Why take this course?

I was curious about how artificial intelligence would be defined in a formal education syllabus. In my line of work, the term “Artificial Intelligence” is greatly overhyped, with snake oil salesmen painting pictures of machines that learn on their own, even without any new data, sometimes, without data at all. There are also plenty of online courses on “How to do AI in 3 hours” (okay maybe I’m exaggerating a bit, it’s How to do AI in 5 hours).

Against this context, I was interested to know how a top CS and Engineering college taught AI. To my surprise, it included topics such as adversarial search (i.e., game playing), search, constraint satisfaction, logic, optimzation, Bayes networks, just to name a few. This increased my excitement in learning about the fundamentals of using math and logic to solve difficult problems.

In addition, the course had a very good reviews (4.2 / 5, one of the highest), with a difficulty of 4.3 / 5, and average workload of 23 hours a week. Based on these three metrics, AI was rated better, more difficult, and requiring more time than Machine Learning, Reinforcement Learning, and Computer Vision—challenge accepted! It was one hell of a ride, and I learnt a lot. However, if I had to go back in time, I’m not sure if I would want to put myself through it again.

What’s the course like?

The course is pretty close to the real deal on AI education. Readings are based on the quintessential AI textbook “Artificial Intelligence”, co-authored by Stuart Russell and Peter Norvig. The latter is a former Google Search Director who also guest lectures on Search and Bayes Nets. Another guest lecturer is Sebastian Thrun, founder of Udacity and Google X’s self-driving car program. The main lecturer, Thad Starner, is an entrance examiner for the AI PhD program and draws from his industry experience at Google (where he led the Google Glass development) when structuring assignments.

With regard to lectures, I found them to be somewhat superficial and lacking. Topics were introduced at a very high level. Students are expected to follow up with the textbook for more details—this was absolutely required for both the assignments and the exams.
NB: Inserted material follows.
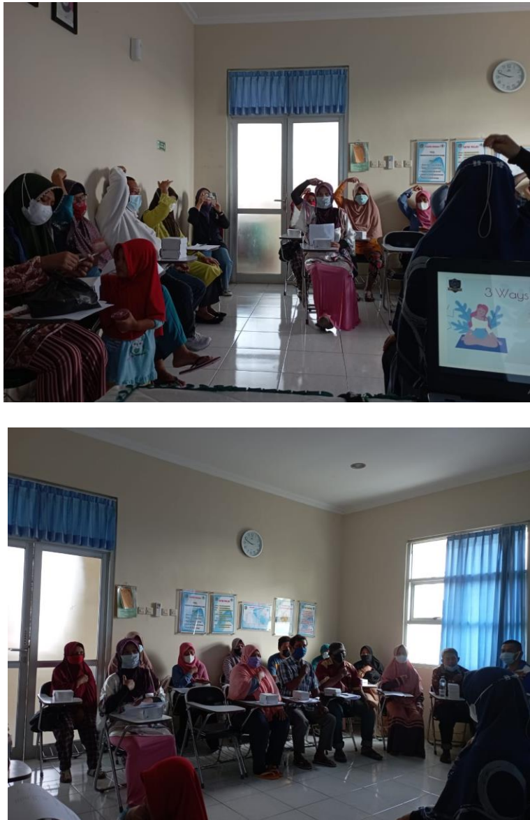
Gambar 2. Foto Latihan Strategi Koping dengan Metode SEFT

meningkatkan kemampuan mengelola emosi. Selain itu juga peningkatan aspek kemampuan penerapan pola mekanisme koping dengan metode SEFT melalui lembar observasi. Pemilihan metode SEFT ini dikarenakan tindakan ini dilakukan untuk menggabungkan energy spiritual dan metode tapping sehingga meningkatkan proses katasis pada pasien. Proses ini yang menjadikan pasien lebih rileks dan tenang (Adhistry et al., 2019). Berikut ini merupakan dokumentasi kegiatan latihan strategi koping yang berfokus pada emosi dengan metode SEFT, dimana kegiatan ini meliputi psikoedukasi dan praktikum: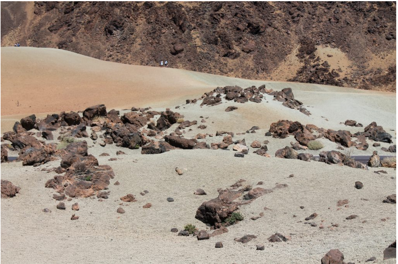
19- Le desertiche distese di pietra pomice, capace di galleggiare sull'acqua, alla Montana Blanca, sotto alla cima

There was a lot of self-learning, and learning from peers and TAs on both the Slack channel and Piazza.

On assignments, there were six assignments that were each two – three weeks long. The best five contributed a total of 60% to the total grade. These involved implementing some popular and fundamental AI algorithms from scratch, including:

  • Adversarial search / game playing (i.e., minimax, alpha-beta, iterative deepening, killer move (detection), etc)
  • Search (i.e., uniform cost search (UCS), A-star search (A*), bi-directional UCS/A*, tri-directional UCS/A*)
  • Bayesian networks (i.e., probabilistic modelling, Gibbs sampling, Metropolis-Hastings sampling)
  • Decision Trees (i.e., splitting, random forests, boosting, validation, etc.)
  • Expectation maximisation (i.e., k-means, gaussian mixture models)
  • Hidden Markov Models (i.e., Viterbi trellis, adjusting for noise)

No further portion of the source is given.